In medium saucepan, sprinkle gelatin over pineapple juice or water; let stand 5 minutes. To peel prickly pears, wear protective gloves. Using tongs to hold fruit, slice off both ends of fruit. Slit fruit lengthwise and lift out pulp. Chop pulp. In blender or food processor fitted with metal blade, process pulp until liquified. Strain out seeds. Stir liquid into gelatin mixture with sugar, almond extract and salt.
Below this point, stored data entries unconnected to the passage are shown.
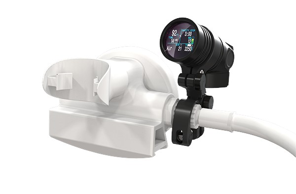 Technische Spezifikationen: Bildschirmauflösung: 320×240 | Displaytyp: QVGA | Batterietyp: Interne wiederaufladbare Li-Ion-Batterie | Batteriekapazität (ca.): 1,3 Wh | Batterielebensdauer: 18 Stunden (mittlere Helligkeit) | Batteriewechsel: 5 Jahre (oder 500 Ladezyklen) | Anzahl der Gase: 5 OC / 5 CC | Tauchprotokoll: 1.000 Stunden | Wassertiefe: 300 m / 985 ft | OC-Montage passt auf 17-21 mm Regler-Schlauch.
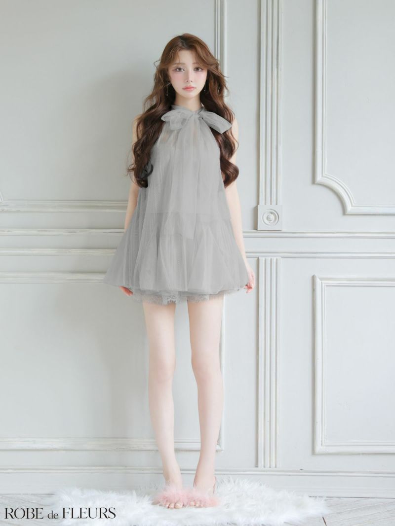 ふんわりシルエットで女性らしさ溢れる♡ [ROBEdeFLEURS/ローブドフルール] 高級 ブランド Aラインミニドレス セットアップ ホルターネック ウエストベルト ネックリボン チュール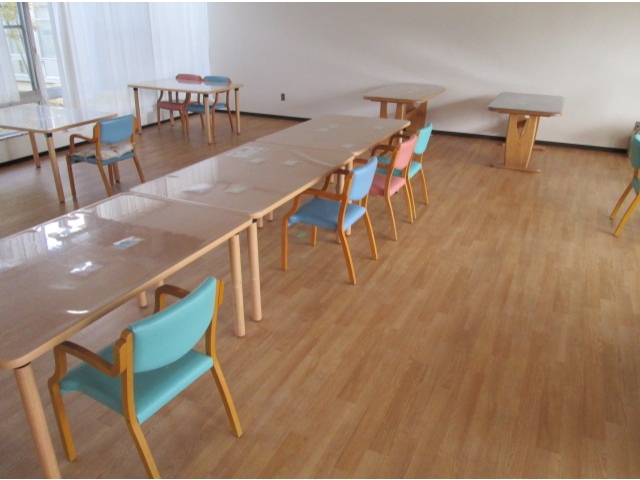 みなさんが集まって楽しく食事するのはもちろん、食堂は行事の会場としても利用しています。ロビーは利用者の憩いの場となっており、レクリエーションなども行います。歩行が困難な方でも安心して入浴できるよう、特殊浴槽も用意しています。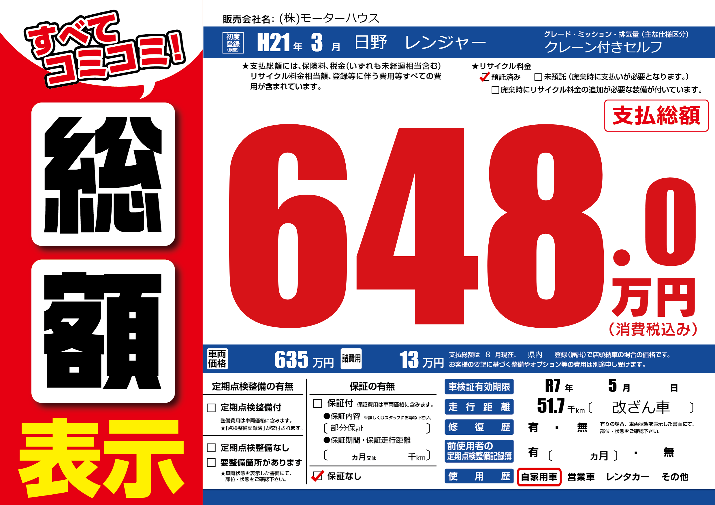 | 車名 | 日野 レンジャー | グレード ミッション 排気量 |
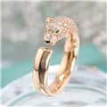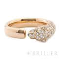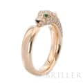 カルティエ パンテール パンテール ドゥ カルティエ リング スモールモデル セミパヴェセッティング ピンクゴールド 13号 N4765700 Cartier フランスで誕生し、独創的なデザインや技術力の高さから圧倒的な支持を受けるブランド「カルティエ」。クリエイションのシンボルである「パンテール ドゥ カルティエ」は、気高くも力強い個性を感じる豹のデザインが施されています。こちらのリングの全体はピンクゴールドで作られ、贅沢にパヴェダイヤモンドがセッティングされています。オニキスとエメラルドが目 と鼻にセッティングされています。 中古のお品物ではございますがご着用時に気になるような傷はございません。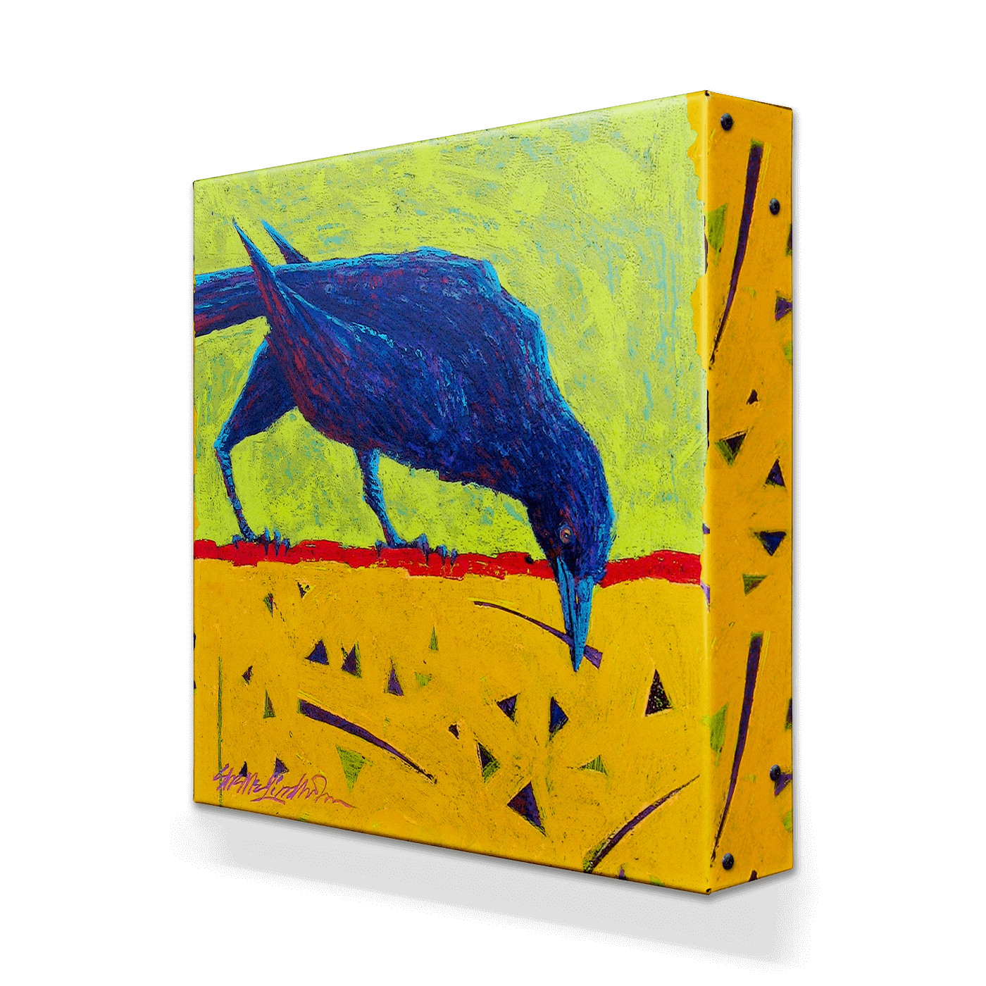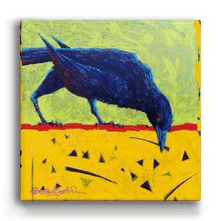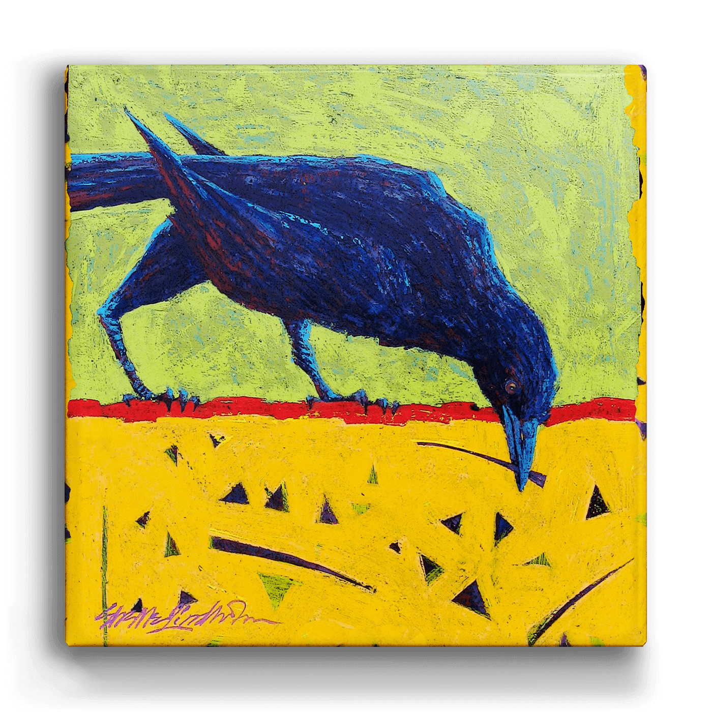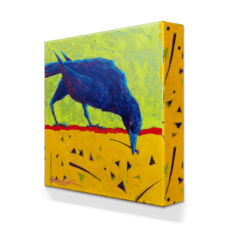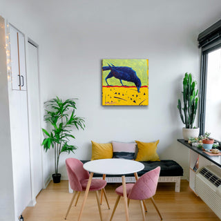 This bold artwork features a curious crow in striking deep blue hues, perched against a vivid lime-green and golden-yellow background. The textured brushstrokes and dynamic color contrasts bring energy and personality to the composition, while the geometric shapes below add an element of the abstract. A celebration of nature's simple yet captivating moments, this piece is perfect for adding a vibrant and playful touch to any space.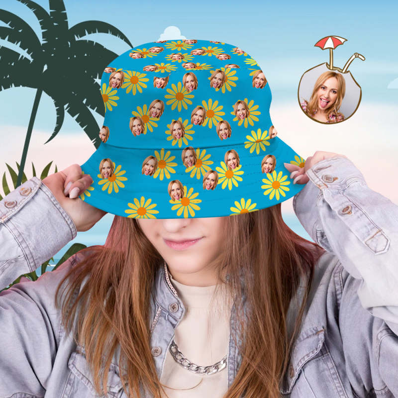 Home / Custom Bucket Hat Personalized Face All Over Print Tropical Flower Print Hawaiian Fisherman Hat - Yellow Flowers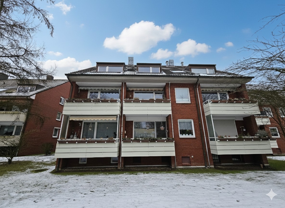 Die zum Verkauf stehende Wohnung wurde im Jahr 1972 fertiggestellt und befindet sich im 1. OG eines gepflegten Mehrfamilienhauses mit insgesamt 18 Wohneinheiten, die sich auf zwei Hauseingänge verteilen. Das Gebäude ist in zweigeschossiger Bauweise errichtet und verfügt über ein ausgebautes Dachgeschoss. Das Objekt ist vollständig unterkellert. Die Wohnung ist mit isolierverglasten Kunststofffenstern (Bj. 2013) ausgestattet. Beheizt wird das Mehrfamilienhaus über eine Gasheizung (Bj. 2002). Die Beheizung erfolgt über konventionelle Heizkörper, während die Warmwasserversorgung in den Wohneinheiten über Durchlauferhitzer erfolgt. Zur Wohnung gehören ein großzügiger Kellerraum sowie eine Einzelgarage, die zusätzlichen Stauraum und komfortables Parken bietet.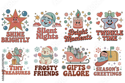 © SVGSTORY, Naklejka premium Holiday character set quotes flat vector muted tones clipart bundle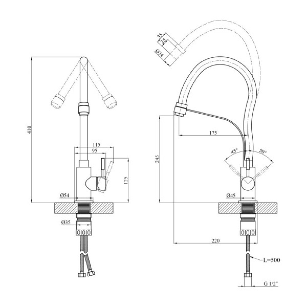 Додаткові характеристики аератор; гнучкий вилив; гнучка підводка; керамічний картридж 35 мм; витрата води до 13 л/хв

Cook and stir 5 minutes over medium heat to dissolve gelatin. Place in refrigerator; chill 1 hour until mixture mounds when dropped from spoon. With rubber spatula or whisk, fold in whipped cream until blended (do not stir). Spoon into four dessert dishes or long-stemmed goblets; chill several hours or until firm. Recipe makes four servings.

Prickly Pear Tea

  • Fill an 8 ounce glass or one cup with tea (hot or cold).
  • Add 1 teaspoon of prickly pear syrup and stir well.

Prickly Pear Jelly Recipe

  • 1 gallon prickly pear cactus fruit, very ripe (deep garnet color)
  • 4 cups sugar
  • 4 cups juice
  • 2 packages fruit pectin

Gather the fruit using a tong and a pair of gloves. Put the fruit in a sink with water. Using tongs, swish in water to remove stickers. Cut fruit in half. Place in large pan. Boil until fruit is shriveled. Mash with potato masher. Strain through jelly bag or cheese cloth. Bring juice and pectin to boil. Add sugar and boil to jelly stage. Pour into jelly glasses and seal.

Prickly Pear Butter

  • 1 pound unsalted butter
  • 2 each prickly pear cactus fruit or
  • 1/2 cup of another fruit or berry of your choice, strawberries, or raspberries, etc.
  • 1 bunch cilantro, chopped
  • 1/2 cup honey
  • Salt, to taste

Let butter soften slightly in a mixing bowl or food processor. Peel and puree the cactus fruit; strain the juice through a fine strainer. Add: the juice, cilantro, honey and salt to the mixing bowl or food processor; blend until smooth and all is incorporated. Put into the refrigerator until it begins to stiffen. Lay out a small sheet of wax paper or plastic wrap and spread out some of the butter in a small strip. Roll up the paper or plastic like a cigar and twist the ends until it becomes a tight package. Freeze until hard and return to refrigerator to soften slightly for easy slicing.